İçinde yaşadığımız, yaşam alanı mıdır, Hayat? Yoksa, dört duvar arasında yaşanılan ya da yaşanılmaya çalışılan bir odanın varlığında yok oluşlarda zamana direnmek midir?
Bir gülüşün içinde kaybolan gözler arasında içe atışlar mı?
Anlatamadıklarımız arasında atlatamadığımız anlaşılmayışlar mıdır? Bir nefesin, vereceği umut.
Bizler umutlarda mı yaşıyoruz? Yoksa olmadık ümitlerin peşinden mi koşuyoruz?
Bazen öyle hissediyorum ki bir çemberin içindeyim. Ama içinde miyim? Dışında mıyım? Belirsiz.
Yaşanılan hayatın aslında hep bir belirsizlik içinde olduğu bilinciyle.
Yokluktan varlığa doğru varlıktan da yokluğa doğru, bizleri kendi yolunda yürüteceğini.
Bazense koştura koştura varamayacağımız bir yolun çıkmazında olacağımızın gerçekliği içinde kendimizi hep bir, atlatmakta bulunduran, bizler değil miyiz?
Geçmeyen geçişler ister gibiyiz. Geçişlerin, geçişlerinde. Ulaşılmayacak bir varlığa erişmek misali.
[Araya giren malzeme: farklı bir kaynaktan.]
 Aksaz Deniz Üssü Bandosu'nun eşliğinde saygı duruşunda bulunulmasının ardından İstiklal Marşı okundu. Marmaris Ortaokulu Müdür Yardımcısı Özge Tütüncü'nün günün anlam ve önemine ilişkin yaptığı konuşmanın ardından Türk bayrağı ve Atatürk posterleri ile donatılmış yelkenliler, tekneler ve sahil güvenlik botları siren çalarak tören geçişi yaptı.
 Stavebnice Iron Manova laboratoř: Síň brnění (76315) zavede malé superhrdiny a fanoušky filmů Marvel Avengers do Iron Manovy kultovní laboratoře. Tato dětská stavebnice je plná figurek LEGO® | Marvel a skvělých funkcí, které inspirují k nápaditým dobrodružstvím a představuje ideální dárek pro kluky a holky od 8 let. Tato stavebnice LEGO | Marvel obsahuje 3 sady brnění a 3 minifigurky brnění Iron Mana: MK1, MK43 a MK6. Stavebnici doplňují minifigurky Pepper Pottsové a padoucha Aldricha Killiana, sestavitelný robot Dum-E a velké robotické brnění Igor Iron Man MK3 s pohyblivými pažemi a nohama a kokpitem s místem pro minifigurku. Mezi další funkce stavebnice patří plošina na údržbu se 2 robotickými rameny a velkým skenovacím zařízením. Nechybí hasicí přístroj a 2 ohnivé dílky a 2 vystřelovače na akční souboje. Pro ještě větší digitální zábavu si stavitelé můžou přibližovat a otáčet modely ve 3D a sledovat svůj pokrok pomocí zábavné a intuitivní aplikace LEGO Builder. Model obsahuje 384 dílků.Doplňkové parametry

Gerçeklikten uzak oldukça aslında hep bir savruluşun içinde nefesi almak değil de bir nefsi yaşamak gibi bir hal almıyor mu hayat?
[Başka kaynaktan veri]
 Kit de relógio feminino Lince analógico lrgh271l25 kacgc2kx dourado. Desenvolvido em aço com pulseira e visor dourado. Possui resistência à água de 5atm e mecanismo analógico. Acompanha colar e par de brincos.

Hayatın sunuşlarında soruları hep ona yöneltirken kendimize soru sormamamız sorunun en büyük kaynağıdır.
Ben, Sen, O…
Aslında hep bir benlikten ortaya çıkan sorunların nedeni kendimize sormaya yöneltemediğimiz sorulardan biridir.
O halde parmağımız bakışlarımız arasında, hep karşımızdaki insanı gösterirken biz ne kadar haklıyız?
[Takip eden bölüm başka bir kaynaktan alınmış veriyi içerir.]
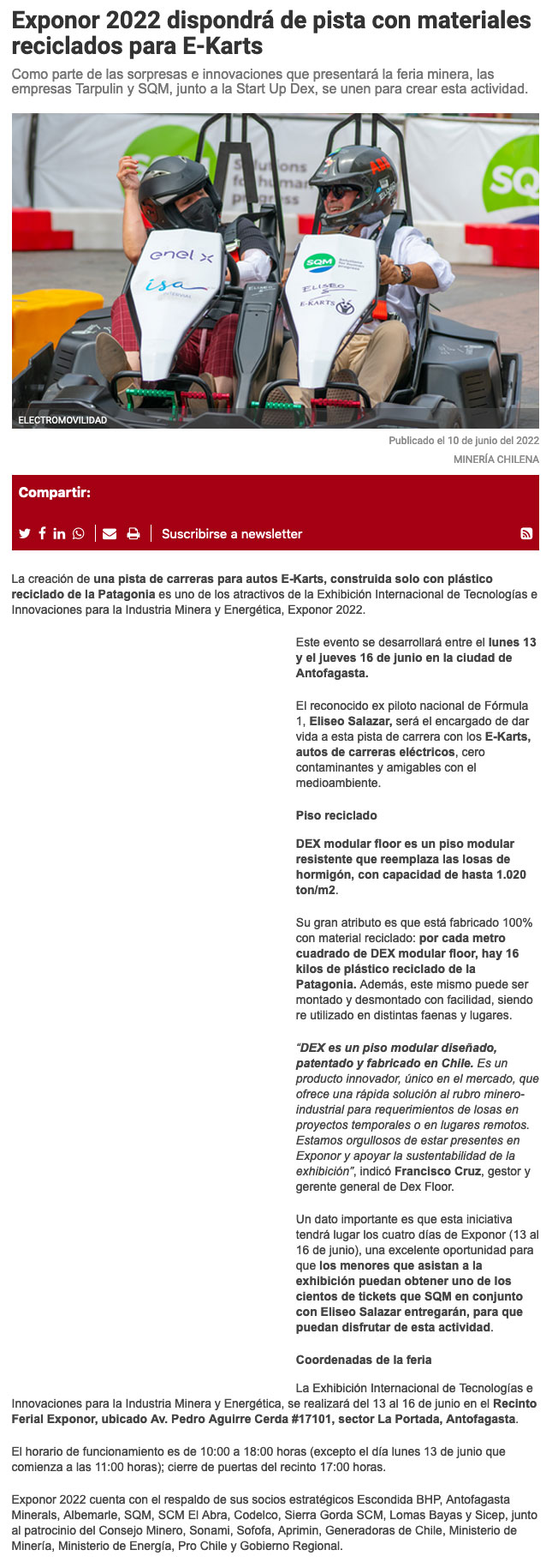 Feria minera en Antofagasta dispondrá de pista con materiales reciclados para E-Karts - (electromov.cl)

Mutluluk, hadi mutlu olayım diye, yaşanılacak, bir durum değildir. Çünkü, kendime ‘‘mutlu muyum’’ sorusu, yönelttiğim anlarda hep bir altta yatan, mutsuzluğun gün yüzüne çıktığını görüyorum.
Bazı şeyleri yaşamanın dışında görmemiz için bakmaktan da ziyade kendimize soruşlarda cevaplarda alacağız.
Tüm bu anlattığıma ve yazmaya çalıştıklarımı anlatan çok güzel bir söz geldi aklıma.
‘‘İnançlarımızı, umutlarımızı, gerçekle aramızdaki bu küçük yanlış anlamalar, sayesinde kurarız ve mutluluk oyunu oynayan, yoksul çocuklar gibi, ekmek kırıntılarına, pasta diyerek, yaşarız.’’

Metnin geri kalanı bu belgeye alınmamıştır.